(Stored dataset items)
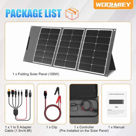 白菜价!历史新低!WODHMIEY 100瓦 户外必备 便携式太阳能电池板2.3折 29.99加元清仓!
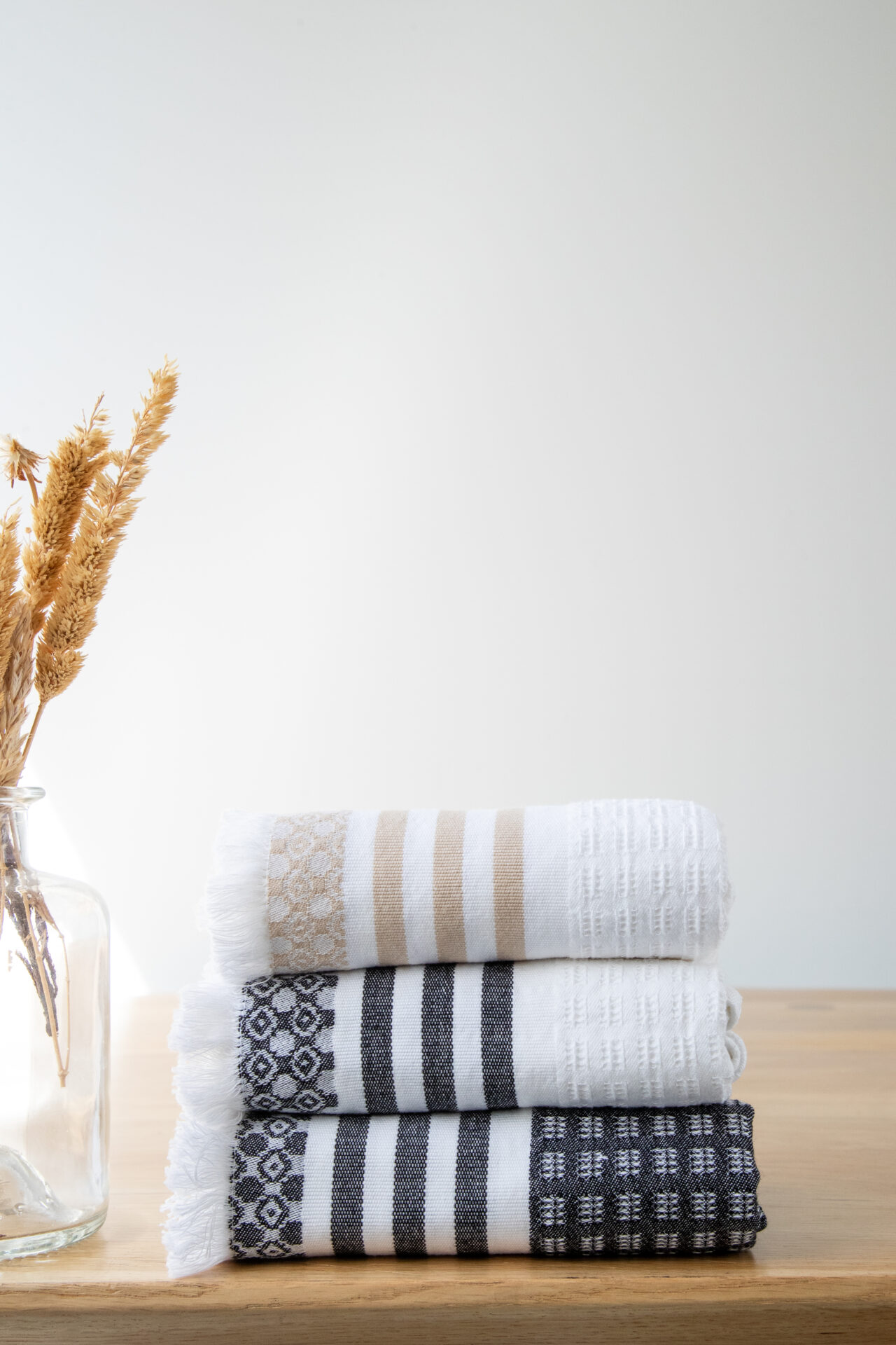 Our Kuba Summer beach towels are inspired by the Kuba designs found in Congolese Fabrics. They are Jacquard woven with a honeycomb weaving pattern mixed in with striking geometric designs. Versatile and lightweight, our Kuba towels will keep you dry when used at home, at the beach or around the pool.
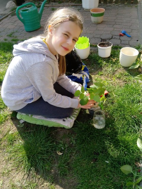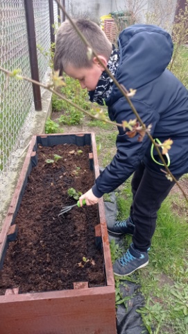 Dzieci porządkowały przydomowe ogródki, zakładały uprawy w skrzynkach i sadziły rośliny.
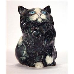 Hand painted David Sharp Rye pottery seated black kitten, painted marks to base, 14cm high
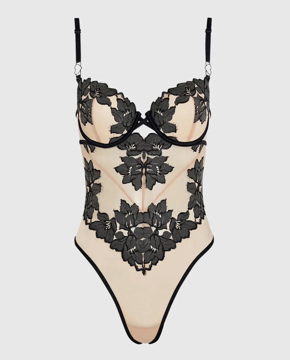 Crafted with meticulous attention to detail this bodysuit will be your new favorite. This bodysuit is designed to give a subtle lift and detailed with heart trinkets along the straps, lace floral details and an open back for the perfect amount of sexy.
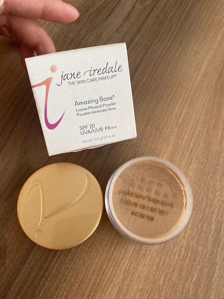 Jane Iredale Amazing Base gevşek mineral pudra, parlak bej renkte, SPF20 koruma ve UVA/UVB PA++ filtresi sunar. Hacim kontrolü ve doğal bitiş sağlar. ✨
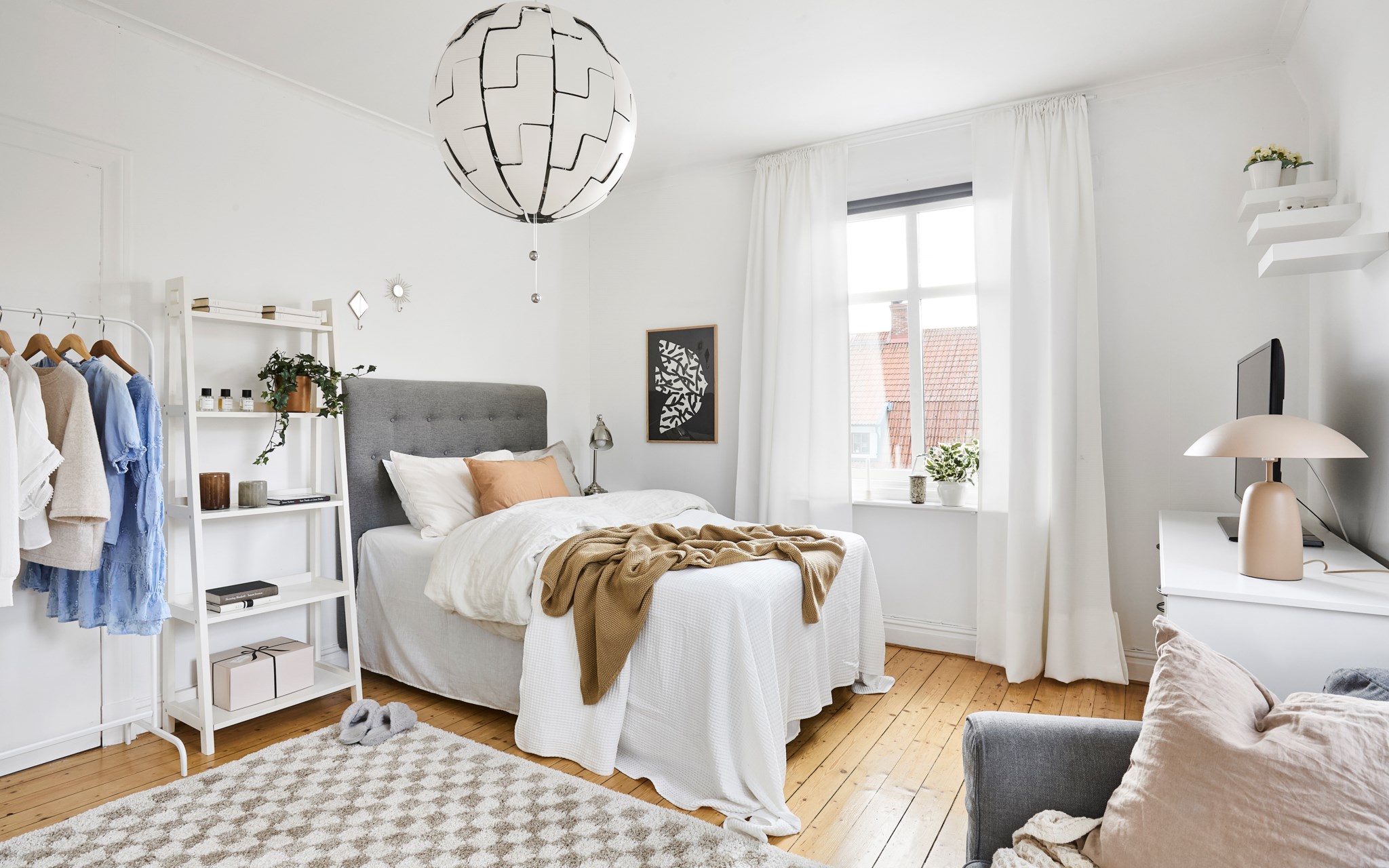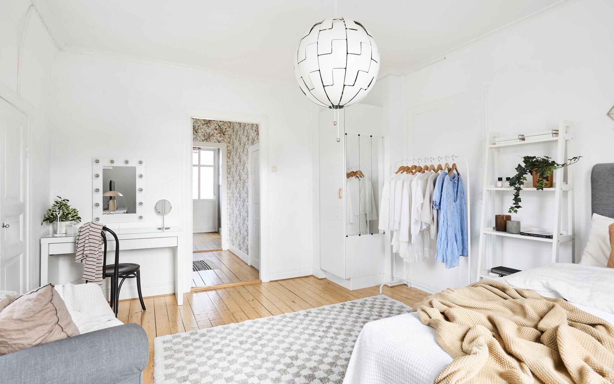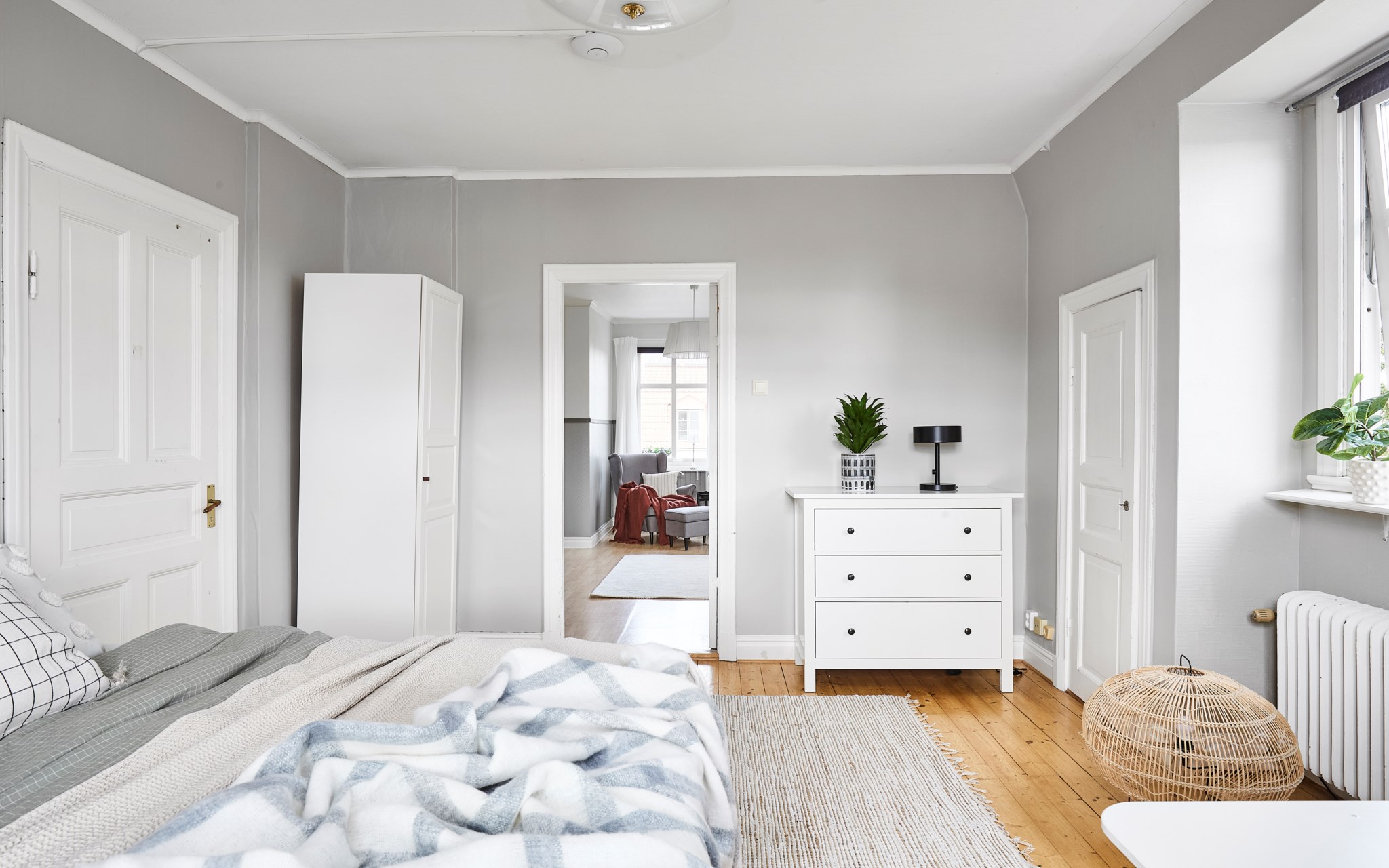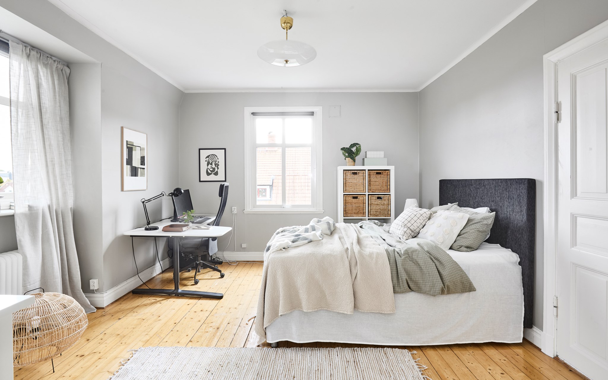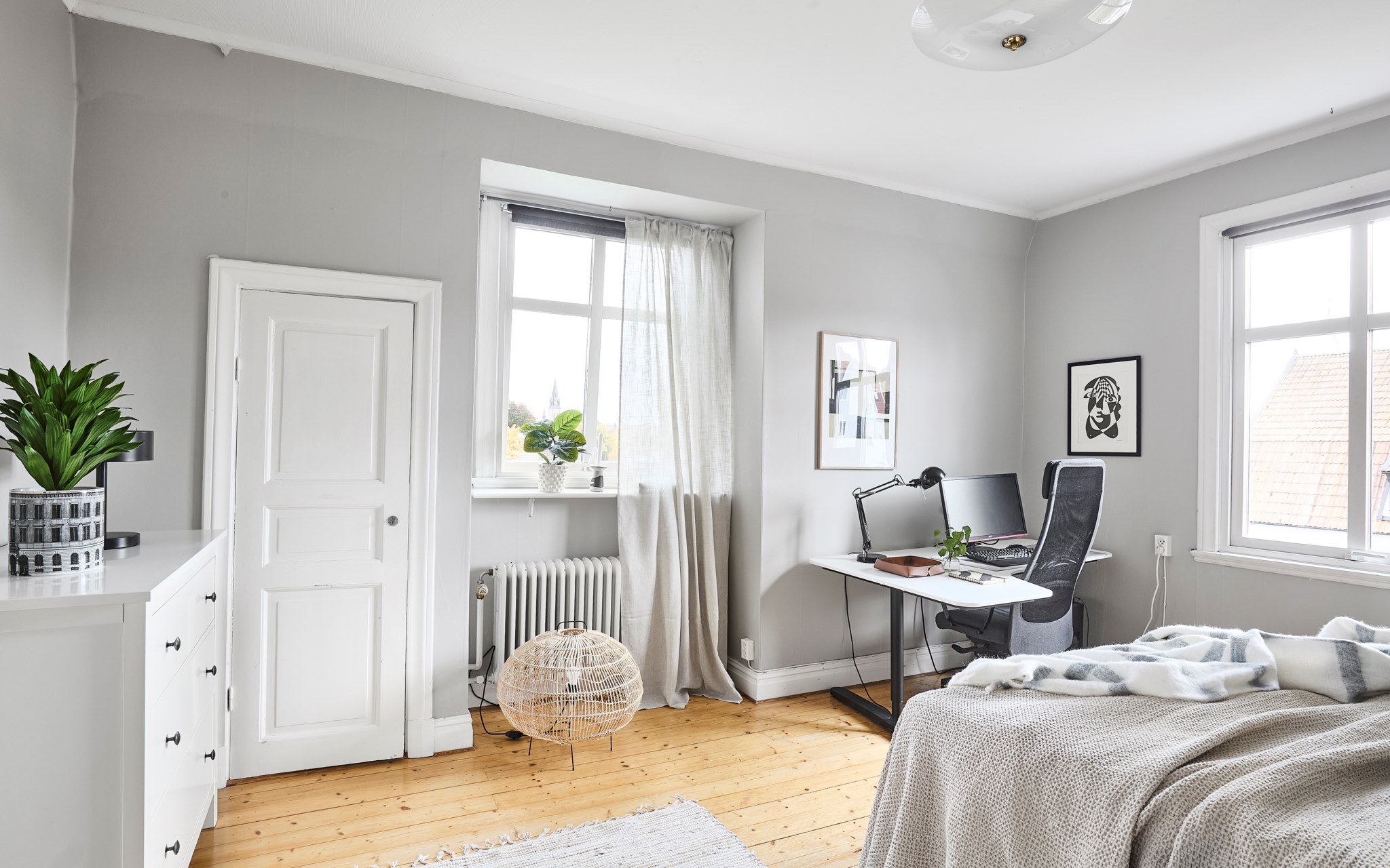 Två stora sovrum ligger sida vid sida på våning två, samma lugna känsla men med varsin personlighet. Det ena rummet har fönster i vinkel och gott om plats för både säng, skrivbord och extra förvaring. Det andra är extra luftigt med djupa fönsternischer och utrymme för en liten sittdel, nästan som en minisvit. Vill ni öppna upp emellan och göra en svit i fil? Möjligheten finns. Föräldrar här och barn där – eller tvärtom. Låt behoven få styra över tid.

### Work to complete
When pictures appear in the records above, leave them out and reproduce exactly each line from the first through the line containing "Hand painted David", both included.

### Answer to the exercise
 白菜价!历史新低!WODHMIEY 100瓦 户外必备 便携式太阳能电池板2.3折 29.99加元清仓!
 Our Kuba Summer beach towels are inspired by the Kuba designs found in Congolese Fabrics. They are Jacquard woven with a honeycomb weaving pattern mixed in with striking geometric designs. Versatile and lightweight, our Kuba towels will keep you dry when used at home, at the beach or around the pool.
 Dzieci porządkowały przydomowe ogródki, zakładały uprawy w skrzynkach i sadziły rośliny.
 Hand painted David Sharp Rye pottery seated black kitten, painted marks to base, 14cm high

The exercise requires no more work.